● **ACTION ITEM**:
Your copy should hold only the lines from the one with "支部党员王春峰进行了新生实验" to the one with "- Universal docking", both included, each exactly as it stands below, with no pictures.
DATASET EXTRACT Start Marker
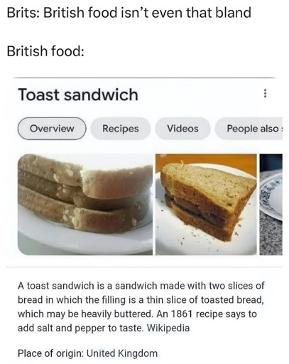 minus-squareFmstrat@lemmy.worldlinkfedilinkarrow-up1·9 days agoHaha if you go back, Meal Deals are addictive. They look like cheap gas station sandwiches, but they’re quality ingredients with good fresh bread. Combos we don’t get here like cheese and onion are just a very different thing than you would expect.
DATASET EXTRACT End Marker
DATASET EXTRACT Start Marker
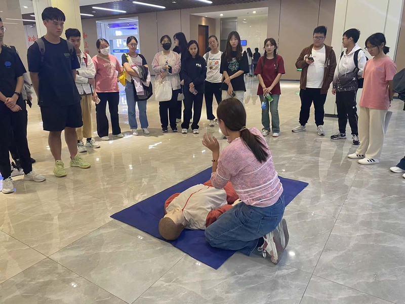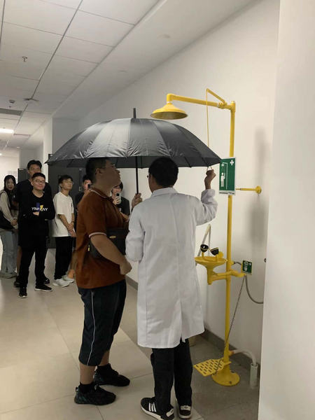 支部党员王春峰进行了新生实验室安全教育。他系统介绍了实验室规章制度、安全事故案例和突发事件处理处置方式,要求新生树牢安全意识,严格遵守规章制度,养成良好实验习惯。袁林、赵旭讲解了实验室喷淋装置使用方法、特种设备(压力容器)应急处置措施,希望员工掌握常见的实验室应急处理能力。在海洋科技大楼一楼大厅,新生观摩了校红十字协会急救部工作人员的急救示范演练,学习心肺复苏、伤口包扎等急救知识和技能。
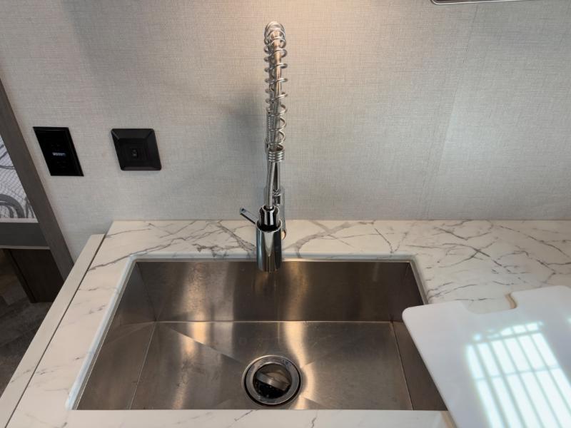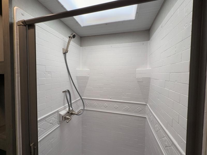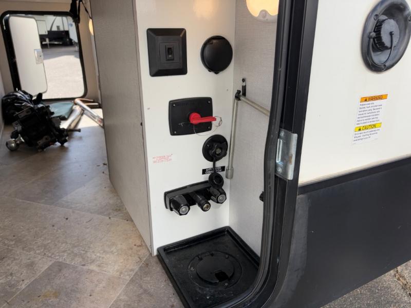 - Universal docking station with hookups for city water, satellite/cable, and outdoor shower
DATASET EXTRACT End Marker
● **TASK RESPONSE**:
 支部党员王春峰进行了新生实验室安全教育。他系统介绍了实验室规章制度、安全事故案例和突发事件处理处置方式,要求新生树牢安全意识,严格遵守规章制度,养成良好实验习惯。袁林、赵旭讲解了实验室喷淋装置使用方法、特种设备(压力容器)应急处置措施,希望员工掌握常见的实验室应急处理能力。在海洋科技大楼一楼大厅,新生观摩了校红十字协会急救部工作人员的急救示范演练,学习心肺复苏、伤口包扎等急救知识和技能。
 - Universal docking station with hookups for city water, satellite/cable, and outdoor shower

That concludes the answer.